Postby Condottiere » Sun Aug 29, 2021 10:47 am

Vehicle: Fusion Reactors Technological Level Ten and Nine

1. Twenty percent default spaces.

2. Minimum size ten spaces.

3. One hundred twenty spaces default equals sixty tonnes

4. Economy of scale sixty tonnes shipping equals one space quarter tonne volume.

5. Twenty percent of one hundred twenty spaces is twenty four spaces; twenty five percent is thirty spaces.

6. Thirty space basic fusion reactor costs four and a quarter megastarbux, and in theory, takes up seven and a half tonnes of spacecraft volume; twenty four space advanced fusion reactor costs four and four fifths megastarbux, and in theory, takes up six tonnes of spacecraft volume.

7. Early fusion technological level eight reactor costs half a megastarbux per tonne, seven and a half tonnes would be three and three quarters megastarbux, and produces seventy five power points, enough for twenty five smallcraft lasers.

8. Reduced size early fusion technological level nine reactor costs four and one eighths of a megastarbux, produces eighty two and a half power points, enough for twenty seven and a half smallcraft lasers.

9. Twenty percent reduction in size costs 3.3024 megastarbux, produces sixty six power points, enough for twenty two smallcraft lasers.
Condottiere
Warlord Mongoose
Posts: 9740
Joined: Mon Sep 23, 2013 8:23 pm

Re: Ship's Locker: Out of the Closet

Postby Condottiere » Sun Aug 29, 2021 11:03 am

Vehicle: Fusion Reactors and Spacecraft Weapon Systems

Missile racks and sandcasters have no power point requirements.

They can be fixedly mounted, which also has no power point requirements.
Condottiere
Warlord Mongoose
Posts: 9740
Joined: Mon Sep 23, 2013 8:23 pm

Re: Ship's Locker: Out of the Closet

Postby Condottiere » Sun Aug 29, 2021 11:46 am

Spacecraft: Fusion Reactors and Spacecraft Weapon Systems

Thirty tonnes, non gravitated hull, streamlined, nine tenths of a megastarbux, six power points.

Manoeuvre drive factor two, technological level ten, three fifths of a tonne, one and one fifth of a megastarbux, six power points.

Missile rack, mounted fixture, eight hundred fifty kilostarbux, one tonne magazine twelve missiles.

Single cockpit, one and a half tonnes, ten kilostarbux.

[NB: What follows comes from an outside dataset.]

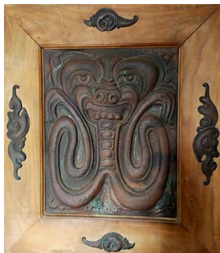
Karya dengan judul : Topeng Sidakarya

Pada bagian alas dari karya ini menggunakan ubalan atau limbah kayu jati yang sudah memiliki karakter unik sehingga bisa direspon menjadi elemen dan bentuk dari senjata nagapasa. Dalam perwujudannya memerlukan keterampilan dan teknik yang baik sehingga bisa mengaplikasikan beberapa karakter bahan yang berbeda yang terdiri dari kayu jati, tataan plat tembaga dan batu permata, sehingga menjadi karya kriya yang unik kreatif dan inovatif.

Computer/five, thirty kilostarbux; basic sensors.

One and one fifth tonne early fusion reactor, twelve power points, three fifths megastarbux.

Four and three tenths tonnes, twenty five and seven tenths cargo, additional magazines, and/or fuel tank.

3.59 megastarbux.
Condottiere
Warlord Mongoose
Posts: 9740
Joined: Mon Sep 23, 2013 8:23 pm

Re: Ship's Locker: Out of the Closet

Postby Condottiere » Sun Aug 29, 2021 12:22 pm

Vehicle: Fusion Reactors Technological Level Ten and Nine

10. Heavy grav vehicle, one hundred twenty spaces, nine and three fifths megastarbux.

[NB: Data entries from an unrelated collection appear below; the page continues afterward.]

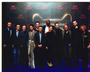
P08 | 速读

刚刚完成总金额近200亿元的并购及配套资金募集不到半年时间,世纪游轮又迅速抛出305.04亿元的并购方案并且再次募集资金50亿元,交易对方也无业绩承诺。史玉柱想将世纪游轮开向何方?
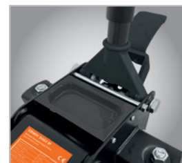
• Rangement pratique des outils grâce au compartiment prévu à cet effet
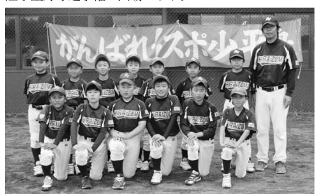
県大会に出場するスポ少平泉クラブのメンバー

同クラブは、7月15日(土)から釜石市で開催される三陸学童野球選手権に出場します。
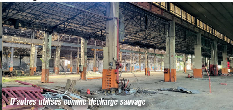
D'autres utilisés comme décharge sauvage
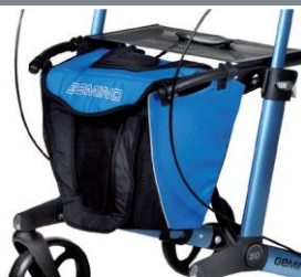
// 7104022 (1) Azul/negra
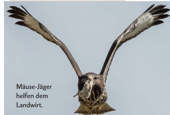
Mäuse-Jäger helfen dem Landwirt.
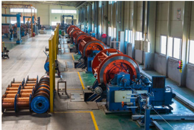
DALOO - KZ 630 91 Spulen

Ein Mitglied der Gauder Group No. 10 Fukang Road, Xinbei District, Changzhou 213000 Provinz Jiangsun P.R. CHINA Tel. offices : +86 519 8548 3550 Fax : +86 519 8548 3557 sales@daloo-machines.com www.daloo-machines.com
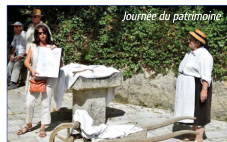
Journée du patrimoine
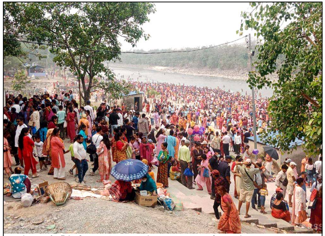
कुम्भ मेलाका दर्शनार्थीको भीड: सुनसरीको बराहक्षेत्रस्थित चतराधाममा गत चैत २७ देखि शुरू भएको पूर्ण महाकुम्भ मेलाको शनिवार १८औं दिन दर्शन गर्न आएका भक्तजनको भीड।
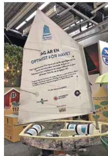
Optimistjollen Plastimisten från projektet Optimist för havet.

11. Fast speed band, minus one agility, two kiloklix range.

12. Crew station, one space.

13. Computer/one, five hundred starbux; communicator.

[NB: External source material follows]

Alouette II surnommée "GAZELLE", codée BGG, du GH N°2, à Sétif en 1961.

14. Basic sensors, one klick, five kilostarbux.

15. Advanced fusion reactor, twenty four spaces, four and four fifths megastarbux; dedicated to spacecraft missile rack.

16. Missile rack, three quarters of a megastarbux; theoretically one eight of a tonne, so one space.

17. Twelve missile magazine, four spaces.

18. Twenty nine spaces; ninety one spaces cargo.

19. 21'905'500 starbux.
Condottiere
Warlord Mongoose
Posts: 9740
Joined: Mon Sep 23, 2013 8:23 pm

Re: Ship's Locker: Out of the Closet

Postby Condottiere » Sun Aug 29, 2021 12:40 pm

Vehicle: Sensors

Basic/five, range one kiloklix, no modifier, forty kilostarbux.

Improved/seven, range five kiloklix, modifier plus one, one hundred twenty kilostarbux.

Advanced/thirteen, range twenty five kiloklix, modifier plus two, two hundred kilostarbux.

Increased fidelity/six, every additional modifier plus one, double cost and add one space.

Basic/five, range one klick, five kilostarbux, is essentially emergency collision alarm.
Condottiere
Warlord Mongoose
Posts: 9740
Joined: Mon Sep 23, 2013 8:23 pm

Re: Ship's Locker: Out of the Closet

Postby Condottiere » Sun Aug 29, 2021 1:00 pm

Vehicle: Sensors

Core has advanced/twelve sensors as requiring a quarter tonne, presumably one space.

Twenty five kiloklix is long range; five kiloklix somewhere in the middle of medium; and one kiloklix probably stays within adjacent.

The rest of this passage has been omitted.